Records contained in a dataset
•••
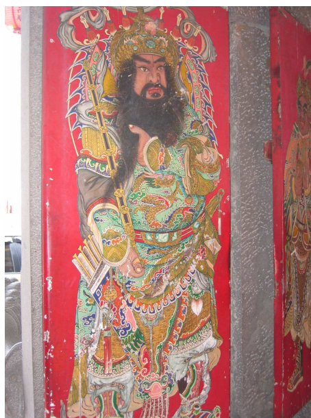
圖 6-25 門神（二）
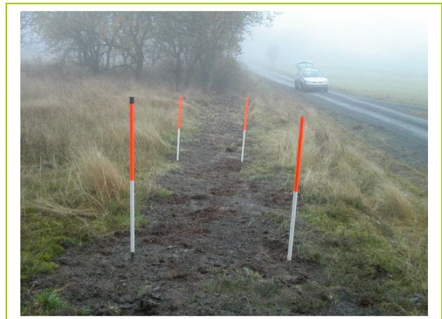
Abb. 21: D 18, beschädigter LRT *6230 Borstgrasrasen
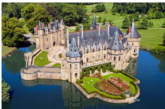
MISSILLAC : Château de la Brestèche (23km - 1/2h)
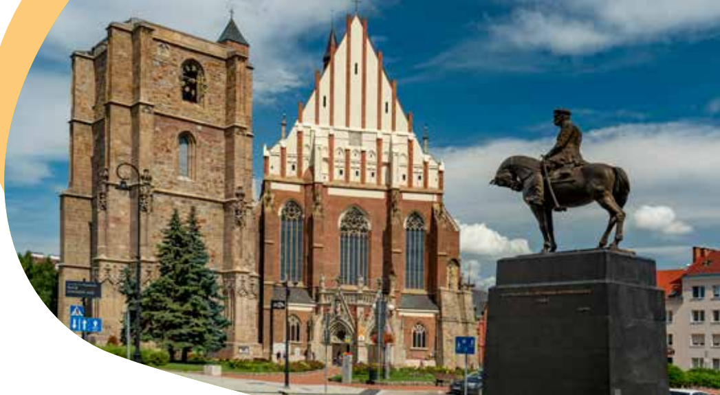
Bazylika św. Jakuba i św. Agnieszki w Nysie

➤➤➤ 40,3 km • Łączki – Nysa Długość odcinka – 14,0 km
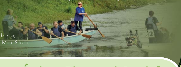
Zlotowicze rywalizowali m.in. na smoczych łodziach
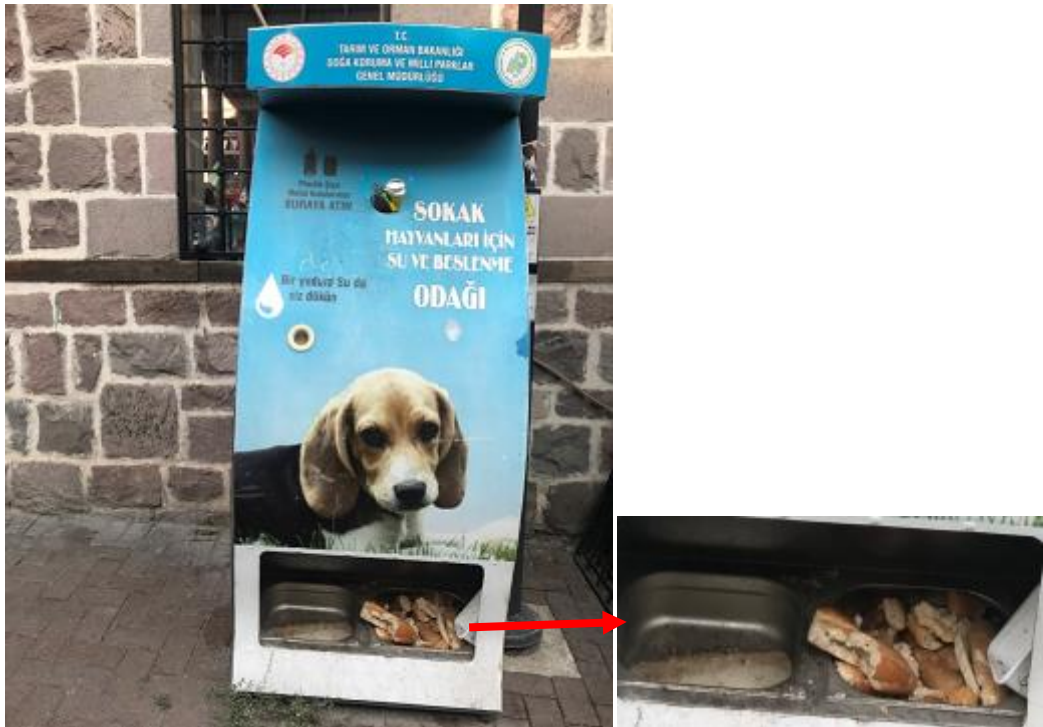
Ankara-Altındağ Hamamönü, Yorumsuz, mulasah

Tarım ve Orman Bakanlığı Doğa Koruma ve Milli Parklar Genel Müdürlüğü'nün, Sokaklara Koyduğu "Sokak Hayvanları için Su ve Beslenme Odağı"
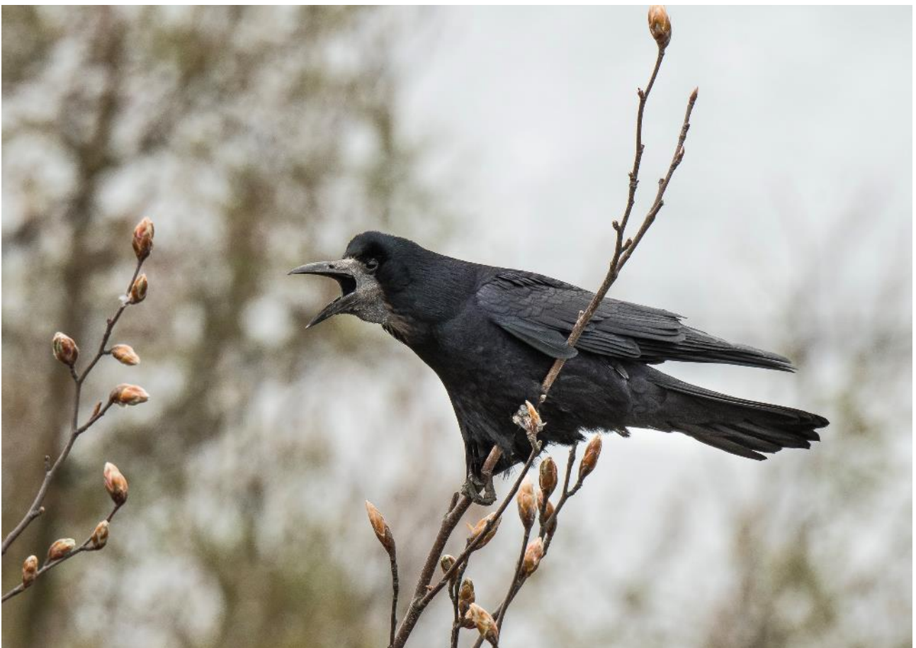
Her er en Råge godt i gang med at hævde territorium i nærheden af reden. Bøgekopperne er endnu ikke bristet.

Jeg har nu fulgt de svendborgensiske Rågekolonier gennem mere end 20 år. Det var dengang Svendborg Kommune dækkede 173 km 2 . Senere blev Gudme og Egebjerg kommuner ved kommunalreformen i 2007 opslugt i storkommunen Svendborg, som i dag dækker et areal på 415 km 2 . For sammenligningens skyld har jeg har fortsat optællingen indenfor de gamle kommunegrænser. Måske også lidt af mageligheds grunde, da jeg foretager mine optællingsture på cykel, så at dække 173 km 2 er såmænd nok. Alligevel tager det lang tid, for mens der var 20 kolonier i 2004, så sker der hele tiden en udvikling: Mange kolonier er enten flyttet, blevet opgivet eller er nyetablerede, så selvom der i 2024 reelt er beboet det samme antal, har der i alle de mellemliggende år været Rågebeboelse på ikke færre end 60 lokaliteter. De må alle besøges, da opgivne kolonier kan gendannes og genopstå efter en periode. På den måde farer jeg kommunen rundt på cykel fra slutningen af marts og en måneds tid frem. I år påbegyndte jeg mine optællinger i kolonierne allerede den 17. marts. Da var Rågerne meget aktive i kolonierne, og for første gang blev jeg færdig på min rundtur i kommunen allerede før april, dog blev enkelte kolonier eftertjekket i april. Den tidlige aktivitet kan være et tegn på, at yngleperioden er fremrykket. Måske begynder Rågerne nu tidligere på grund af klimaændringer.
•••
- Prompt: When you reach the line containing "Ankara-Altındağ Hamamönü, Yorumsuz, mulasah" in the entries above, begin restating word for word, and stop once the line containing "Her er en Råge" has been given. Omit the pictures.

- Response to this task:
Ankara-Altındağ Hamamönü, Yorumsuz, mulasah

Tarım ve Orman Bakanlığı Doğa Koruma ve Milli Parklar Genel Müdürlüğü'nün, Sokaklara Koyduğu "Sokak Hayvanları için Su ve Beslenme Odağı"
Her er en Råge godt i gang med at hævde territorium i nærheden af reden. Bøgekopperne er endnu ikke bristet.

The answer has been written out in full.